В Расспросной избе его развязали, осмотрели с фонарем со всех сторон, спросили, кто он.
– Слуга Господа Бога и царя Ивана Васильевича, – простонал инок, разминаясь после неудобного лежания на конской спине.
Приглядевшись к лицу монаха, Василий Грязной воскликнул:
– Ба! Лицо-то знакомое!.. Ба! Да, никак, Никита Борисыч? Боярин Колычев? Не так ли? Давно ль монахом ты, боярин, стал?!
Колычев всхлипнул, отвернувшись.
Григорий Грязной рассмеялся, потирая руки.
– Бог не забыл нас! Рыбка знатная! Игумен Гурий оказался недурен! Заприте его, братцы, под семью замками, приставьте караул крепкий, а завтра мы доложим о нем его светлости батюшке государю Ивану Васильевичу. Чую недоброе дело! Не всуе дядя залез в рясу!
Колычева втолкнули в каземат.
Утром в пыточном подвале сам царь Иван Васильевич допрашивал Никиту Борисыча, который с убитым видом лепетал трясущимися губами:
– Прости, великий государь! Бес попутал! Не своей волей... Нечистая сила одолела!..
Царь приказал палачу готовить пытку.
Боярин пал в ноги Ивану.
– Не пытай, отец наш, Иван Васильевич! Все тебе поведаю, все поведаю честью, без понуждения, как на духу.
Палач, как всегда, деловито разводил огонь в тагане, раскладывая орудия пытки, звеня железом, не глядя ни на кого.
– Все я знаю и сам! – сказал царь. – У тебя, боярин, такой же, как и у всех Колычевых, лисий хвост да волчий зуб. Худую увертку придумал ты, чернецкую рясу напялив. Теперь ты поведай мне: почто нарядился ты монахом и где ты был в ту ночь?

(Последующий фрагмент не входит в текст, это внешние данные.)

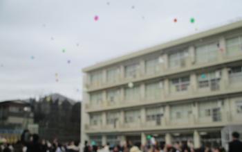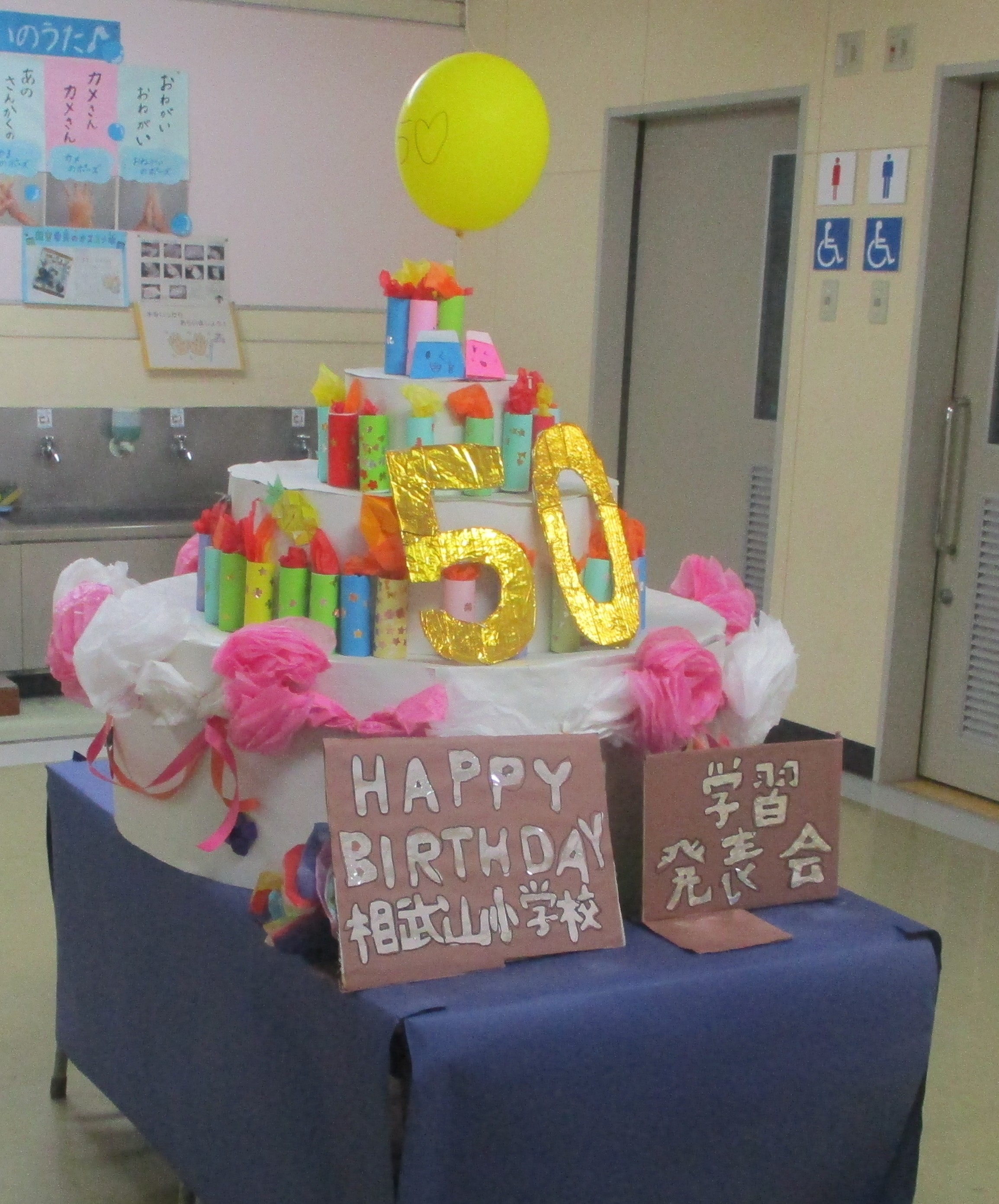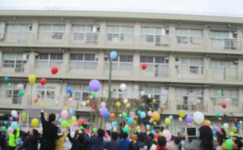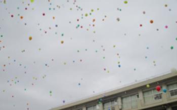 50周年記念式典 バルーンをとばそう!「相武山小学校 50周年 せーの おめでとう!」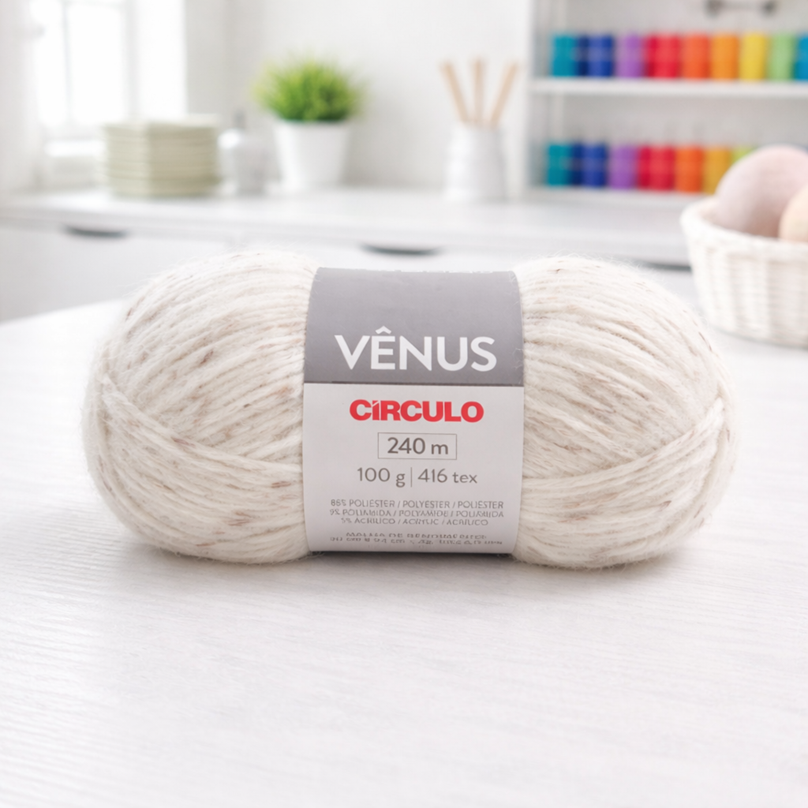 Sabe quando você pega o fio e já imagina uma peça quentinha e elegante? É exatamente essa sensação que o Vênus transmite. Ele tem um acabamento levemente peludinho que dá um charme todo especial ao trabalho, além de um toque extremamente macio que faz a diferença no resultado. Eu gosto muito da proposta dele, porque une aconchego e sofisticação em um só fio, com um caimento lindo que valoriza bastante peças de outono e inverno.

Глаза Никиты Борисыча наполнились слезами.
– Никакого умышления противу твоего царского величия не было на уме у меня, у холопа твоего верного. И не для того яз пришел в Москву и людей привел, чтоб недоброе супротив тебя учинять, а чтоб служить тебе правдою.
Иван Васильевич насмешливо улыбнулся, услыхав слова «цесарского величия».
– Явился в Москву не для того, а сотворил «того». Кайся, не лукавь, молви правду! Где ты обретался в ту ночную пору?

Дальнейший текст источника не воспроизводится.